======== Supplied entries ========

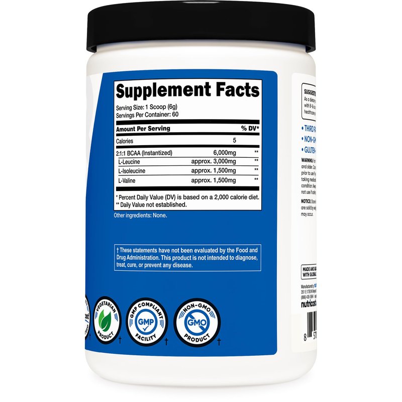 Nutricost BCAAs are vegan friendly, non-gmo, gluten free and 3rd party tested by iso-accredited laboratories. They are made in a GMP Compliant, FDA Registered Facility.
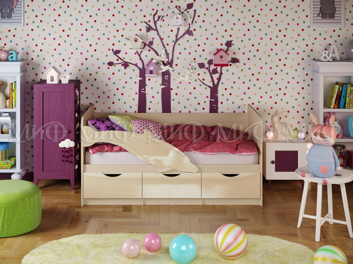 Кроватка Дельфин для Ваших детей благодаря небольшому размеру (длина 1,6м, 1.8м, 2,0 м) компактно разместится в детской комнате, и не займёт игровое пространство. Ящики под кроваткой скроют все коробочки и вещи длительного хранения. Особо радует родителей наличие бортика для безопасного сна. Корпус кроватки выполняется всегда в светлом цвете, а фасады можно выбрать. Даже внешне эта кровать выглядит очень уютной. А ограничительная планка делает ее еще и безопасной. Выбирайте любой цвет фасада для создания гармоничного интерьера.
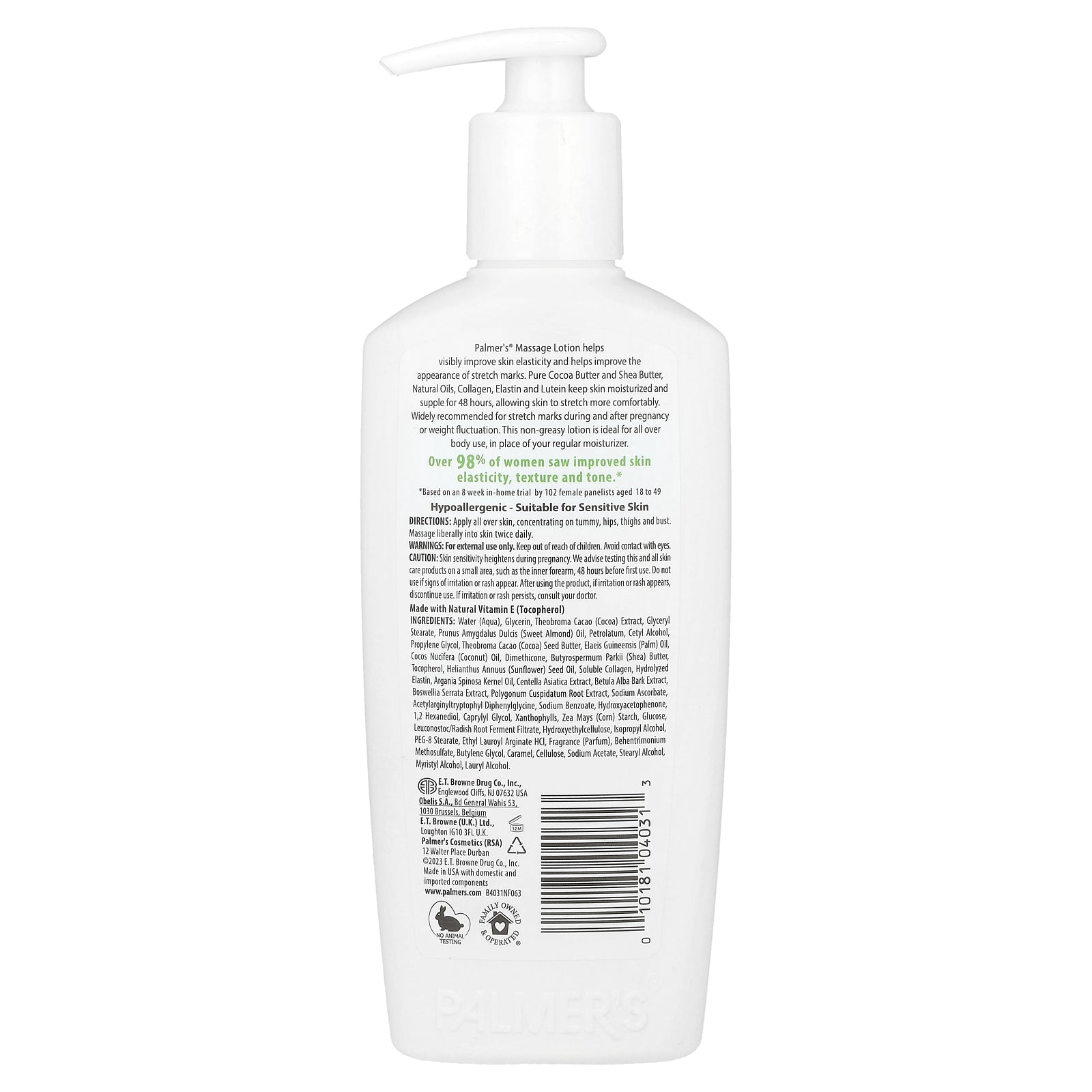 Palmers® Massage Lotion helps visibly improve skin elasticity and reduce the appearance of stretch marks. Pure Cocoa Butter and Shea Butter, Natural Oils, Collagen, Elastin and Lutein keep skin moisturized and supple for 48 hours allowing skin to stretch more easily. Widely recommended for stretch marks during and after pregnancy or weight fluctuation. This non-greasy lotion is ideal for all over body use, in place of your regular moisturizer.
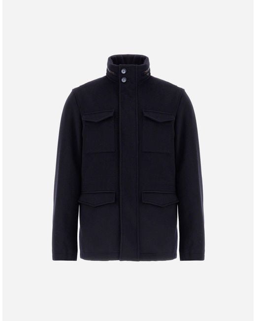 Men's Blue Wool Cashmere And Ecoage Field Jacket
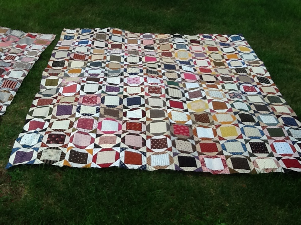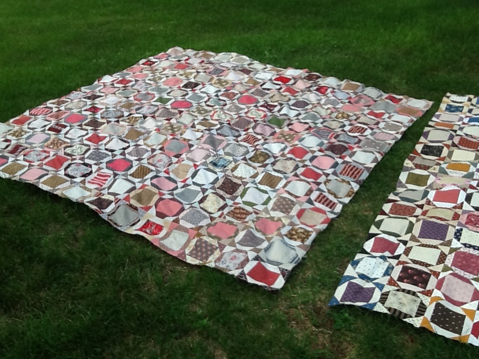 How is everyone doing on their PIECED BOW! As you can see mine is all pieced together…I thought I should show you how I put them together…and I am revealing the antique quilt top used for inspiration….In the first photo I am showing the two quilts side by side….the one on the left is the antique, the one on the right is the one from the BOW. The new quilt is a little more colorful but I love how it turned out…I thought I would show you it before it was sent off to the machine quilter….the antique has some wonderful fabrics…it has a lot of pinks and reds and no blue…there are some very large scale prints that look like wall paper… Click on the photos to make them larger.
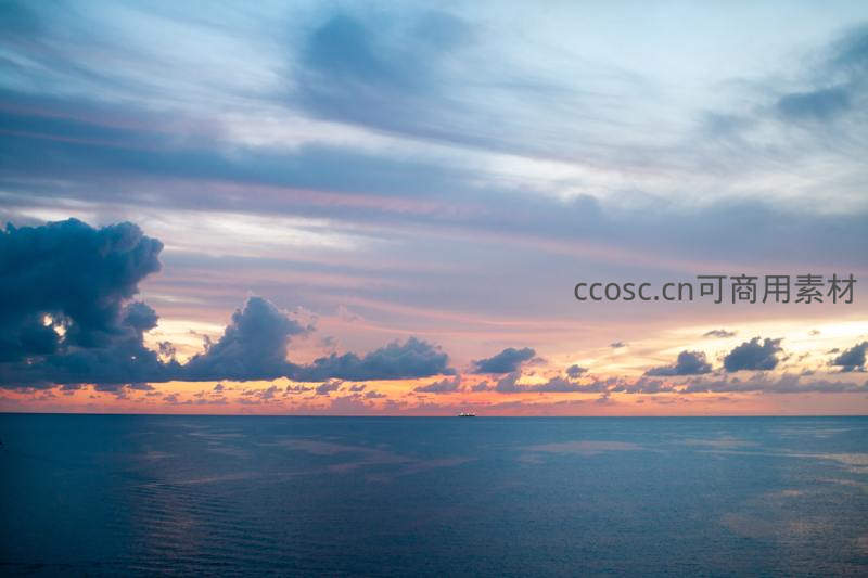 壮丽的晚霞染红了天际,与深蓝的海洋融为一体,远处孤舟点缀,构成一幅宁静而宏大的自然画卷。
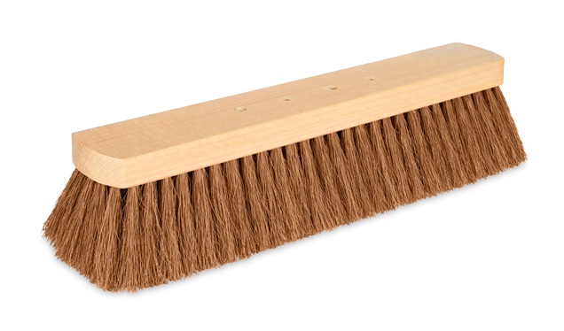 Saalbesen mit reinem Naturkokos Kunstborste. Hergestellt zur Reinigung von glatten oder feinen Böden.
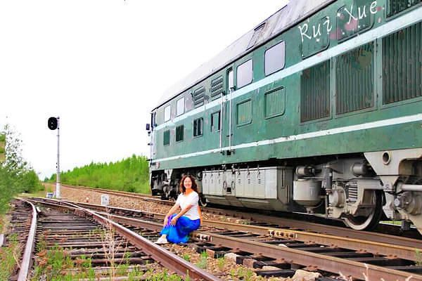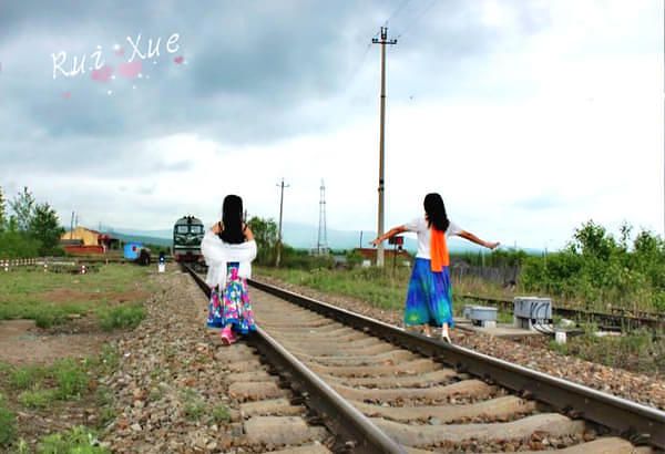 4.北极村---漠河---满归 我们从北极村返回漠河,同样遇到路段整修。但这次小超车开的很稳,很轻松的驶过。 突然看到一处交叉火车轨道,我们兴奋起来,立马停车,又是一阵狂拍。
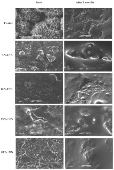 The microstructure properties of block-type processed cheese fortified with 5%, 10%, 15%, and 20% DFS were examined in terms of their internal microstructure by scanning electron microscopy (magnitude 500×; at 20 kV), when fresh and after five months of storage, as illustrated in Figure 5. For fresh cheese, the control cheese had a compact structure and was homogenously uniform compared with the cheeses fortified with 5%, 10%, 15%, and 20% DFS, while the fortified cheeses showed a less compact and inhomogeneous structure which increased with an increase in the % of DFS as a partial substitution for butter. Nevertheless, a filamentous-like structure could be observed through the cheese network as one of the structural characteristics of cheeses fortified with DFS. This structure appeared to have low electronic density, which might be attributed to the fiber content of DFS-fortified cheeses. After five months of storage, the overall structure of the cheeses became more open with a less compact cheese network, which increased with increasing DFS%. Furthermore, the surface of the protein matrix of fortified cheeses by DFS appeared to be coarse and the matrix itself was less compact and denser, which increased with an increase in the DFS%. These changes could probably be attributed to the protein-binding ability and emulsification capacity of added DFS. This description of the microstructure is in agreement with that previously reported for block-type processed cheese [63].
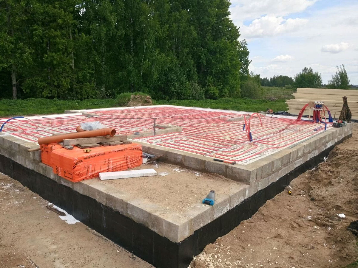 Конструкция финской плиты состоит из ленточного фундамента, внутри которой залита монолитная плита. Они отделены друг от друга слоем утеплителя. На бетонной плите также уложен слой утеплителя. Этот вид фундамента обладает рядом преимуществ:
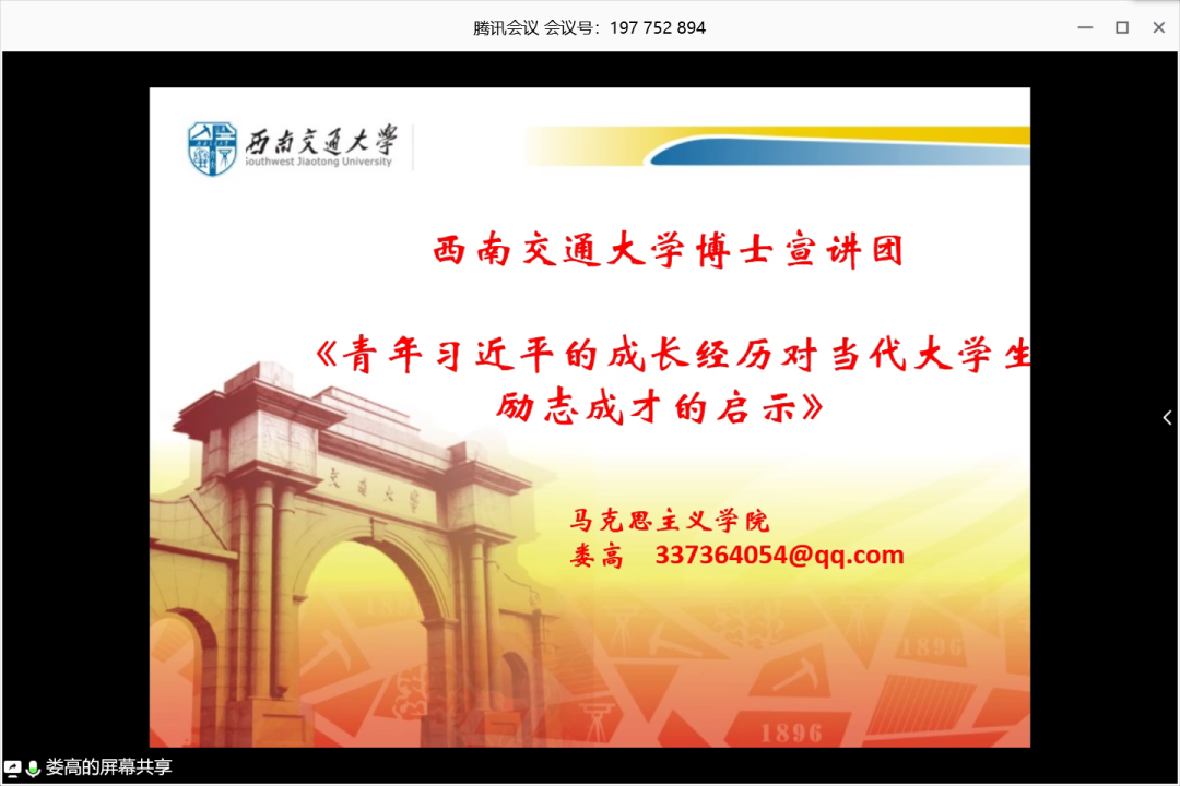 为落实校团委和各单位对团学干部、团员骨干的培训要求,提升广大参培学员的思想水平、能力本领,加强三院(中心)团委的联系和团员间的交流,马克思主义学院团委、数学学院团委和心理研究与咨询中心团委于4月23日15:50召开了“青马工程”第一期团课“青年习近平的成长经历对当代大学生励志成才的启示”。主讲人为西南交大博士宣讲团优秀宣讲员娄高博士,共290名师生参与,团课由我院团委书记赵晨主持。

========

▸ **What you are asked to do**:
If a line falls between the first line of the records above and the line containing "Men's Blue Wool", inclusive, retype it exactly; leave pictures out.

▸ **Reply to the exercise**:
 Nutricost BCAAs are vegan friendly, non-gmo, gluten free and 3rd party tested by iso-accredited laboratories. They are made in a GMP Compliant, FDA Registered Facility.
 Кроватка Дельфин для Ваших детей благодаря небольшому размеру (длина 1,6м, 1.8м, 2,0 м) компактно разместится в детской комнате, и не займёт игровое пространство. Ящики под кроваткой скроют все коробочки и вещи длительного хранения. Особо радует родителей наличие бортика для безопасного сна. Корпус кроватки выполняется всегда в светлом цвете, а фасады можно выбрать. Даже внешне эта кровать выглядит очень уютной. А ограничительная планка делает ее еще и безопасной. Выбирайте любой цвет фасада для создания гармоничного интерьера.
 Palmers® Massage Lotion helps visibly improve skin elasticity and reduce the appearance of stretch marks. Pure Cocoa Butter and Shea Butter, Natural Oils, Collagen, Elastin and Lutein keep skin moisturized and supple for 48 hours allowing skin to stretch more easily. Widely recommended for stretch marks during and after pregnancy or weight fluctuation. This non-greasy lotion is ideal for all over body use, in place of your regular moisturizer.
 Men's Blue Wool Cashmere And Ecoage Field Jacket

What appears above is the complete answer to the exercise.